After all, as Mr Tharman noted, Singapore started from a strong position, "because when our society was young and growing, we practised fiscal discipline. We kept our expenditures trim, our social expenditures were basically education, housing and health care".

But today's Singapore is still relatively young; the citizen old-age support ratio last year was 5.2, meaning there were more than five working adults per elderly person aged 65 and above.

It will be 2.1 in 2030 - just two working adults supporting one elderly person.

If we already use half the returns from reserves to augment today's Budget, how much will we need then?

Singapore needs a serious conversation to get a social consensus on two things. The first is the level of tax the high-income are prepared to bear, to pay for what is rapidly becoming a middle-class welfare state. It is one thing to ask top earners to fork out for transfers to the old, sick and indigent; it is quite another to ask them to pay the bill for the middle-income's domestic maid levies, executive condominiums and expensive kindergartens. The worm will turn beyond a certain point.
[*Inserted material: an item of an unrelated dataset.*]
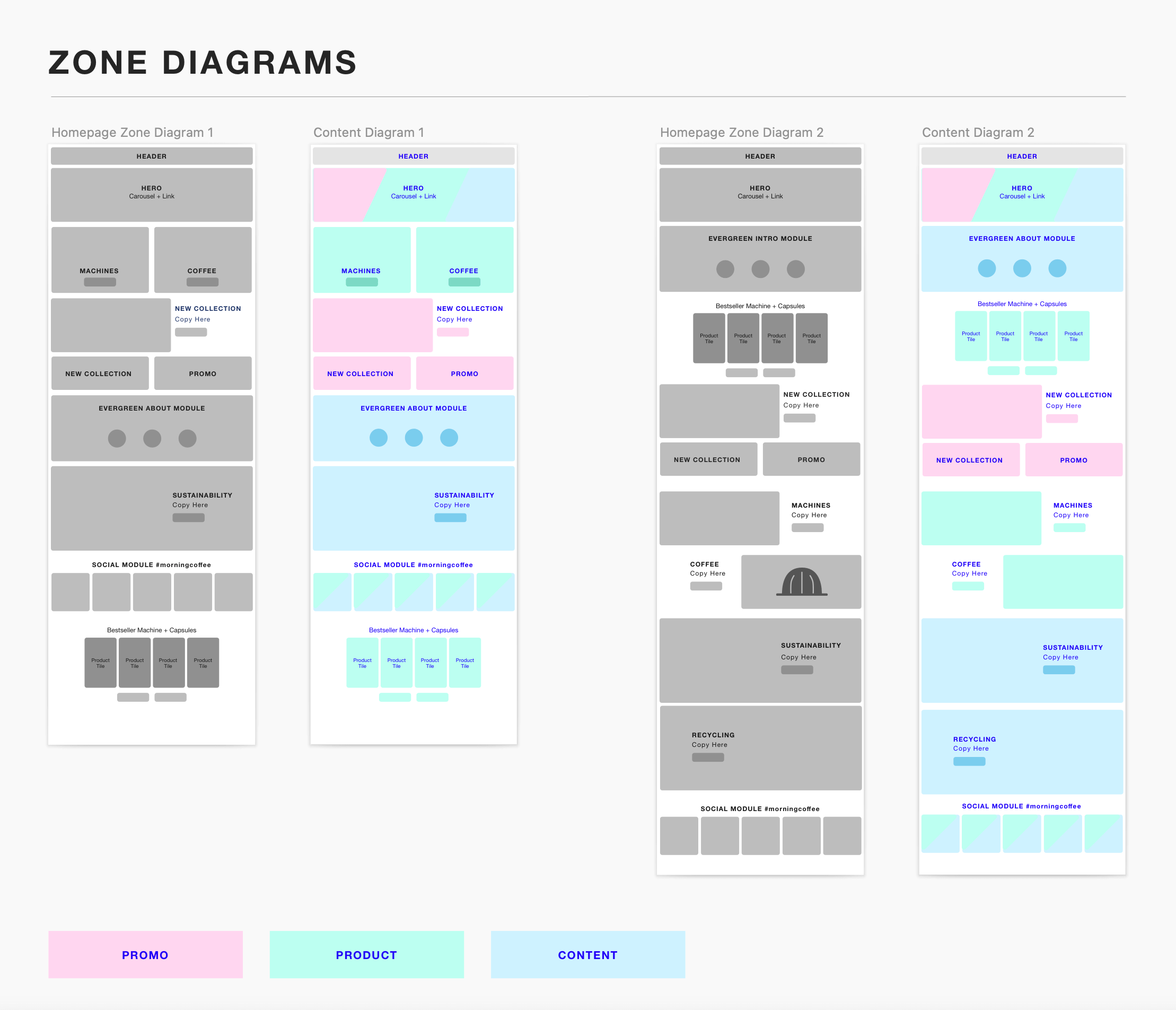 We workshopped the zone diagrams with the Nespresso team to get their perspectives on the content layouts. Our thinking was to display a mix of content types above the fold highlighting promotions, products and brand content. Below that display evergreen product pathways into the two primary product categories. Finally we would display a mix of promotional modules and brand content modules.

The second is the balance between the generations. How much should we spend today from yesterday's reserves? How much to save today for tomorrow?

Yesterday, Australia released its Intergenerational Report to much fanfare. It is prepared every five years and "assesses the long-term sustainability of current government policies and how changes to Australia's population size and age profile may impact on economic growth, workforce and public finances over the next 40 years".

Singapore needs, if not a full-fledged report, at least a Singapore Conversation on the proper balance to be struck across generations.